On a read out operation the drum is rotated by any suitable means, not shown. During a cycle of rotation, light from the sources 25 are directed to the various drum bands 26 and reflected to the matrices 27. Because of the alternate arrangement between the matrices 27 and the light sources 25 and the manner of their disposition relative to the drum surface an intensity light wave having the characteristics shown in FIG. 4, is realized. An inspection of these characteristics shows that the intensity peaks IP are synchronized with the gate pulses GP. By virtue of this arrangement special timing apparatus normally required in electronic computers is obviated.

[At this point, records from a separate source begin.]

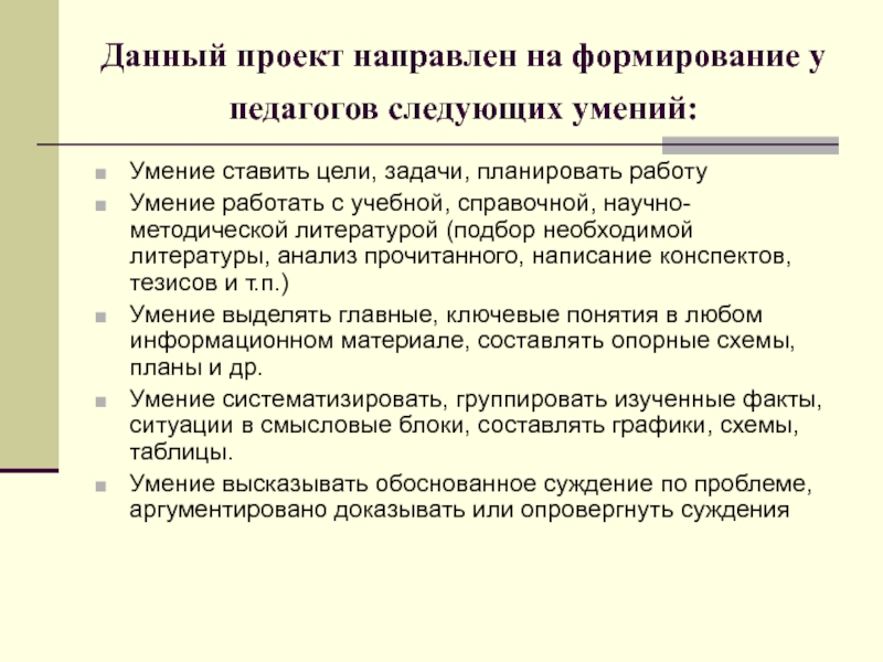 Слайд 13Данный проект направлен на формирование у педагогов следующих умений: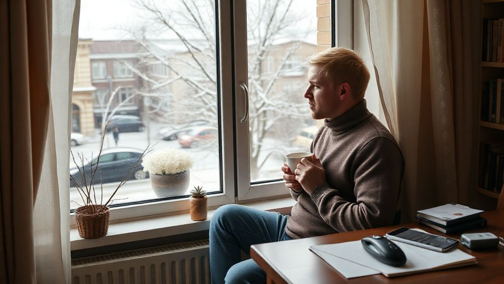 Утро в маленькой квартире на окраине Минска начиналось с запаха свежесваренного кофе. Алексей стоял у окна, глядя на серый двор, где первые снежинки кружили над припорошенными сугробами. В руках он держал кружку с горячим напитком, пар от которой туманил стекло. За спиной, в кухне, жужжал кофемол. Это был их ритуал — кофе перед работой. Но сегодня что-то в воздухе висело тяжелее обычного. Жена, Марина, сидела за столом, просматривая телефон, ее пальцы нервно скользили по экрану. Она не смотрела на него, и это молчание резало острее слов.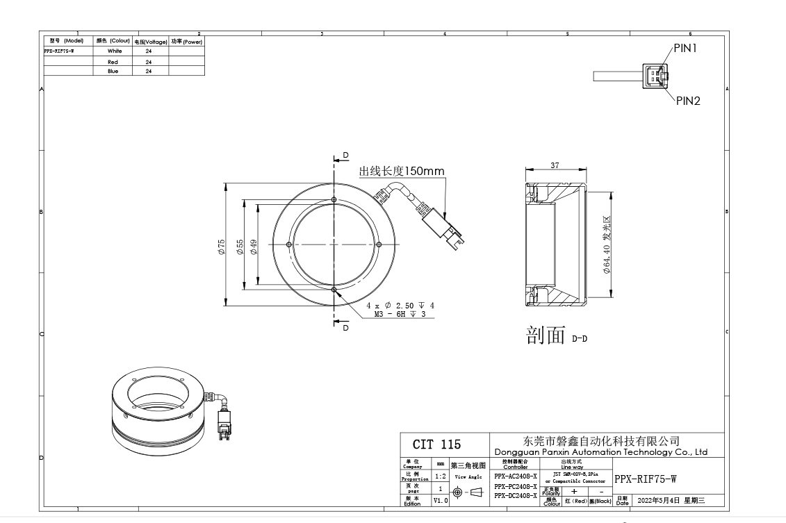 PPX 磐鑫 PPX-RIF75 环形无影光源 应用范围 反光物体表面检测/有无筛选/MARK点定位/二维码条形码读取识别/表面划伤,缺陷检测 产品特点 相较于普通的环形光源均 匀性大大提升 特制漫反射板光线均匀柔和实现了无影效果 高密度LED排列 亮度高 照射均匀 光源电源线采用定制设计的出线卡扣 提高光源抗拉扯耐摇摆性能10倍以上 01. 技术指标 手机/微信:13682357734 电话:0755-84690029 QQ: 2844337877 邮箱:2844337877@qq.com...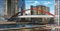 Ignoto VEDUTA DI CITTA' CON PONTE acrilico su tela, cm 40x83 sul retro: firma...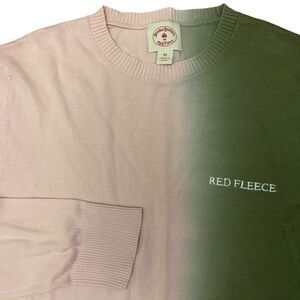 Brooks Brothers Red Fleece Sweater Mens Medium Pink Green Pullover Long Sleeve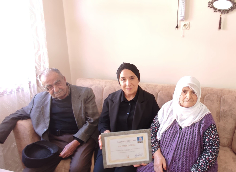 Emine nineyi evinde ziyaret eden Doğanşehir İlçe Milli Eğitim Müdürü Mehmet Çoban ve Şube Müdürleri Emine nineye başarı belgesi takdim ettiler.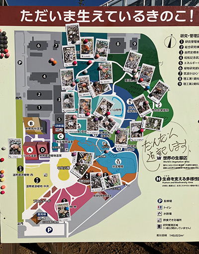 植物園内のきのこは、種数は多いのですが、今年は発生量がイマイチ。でも最後の週末を前にして、ようやく多くのきのこが顔を出しつつあります。園内のきのこを探索したい方はぜひ、森の中に行く前に、中央広場の脇にある「ただいま生えているきのこ」のマップをご覧ください。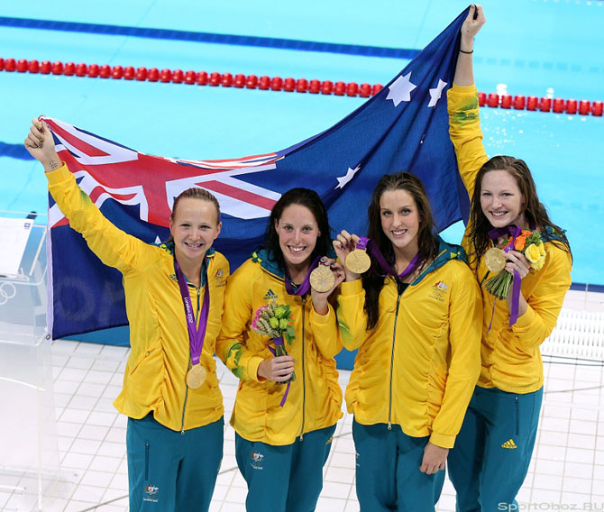 Команда Австралии - чемпионки в эстафете 4х100 м вольным стилем

Selective read out control is further achieved by connecting the light sources 25 by way of lines 40-1 through 40-n to a sequence control unit 41 in turn connected by way of a line 42 to an address control means 43. Under control of the latter different sequences and combination of light sources can be selected to read out any desired combinations of stored words of information in parallel.
While the invention has been particularly shown and described with reference to preferred embodiments thereof, it will be understood by those skilled in the art that various changes in form and details may be made therein without departing from the spirit and scope of the invention.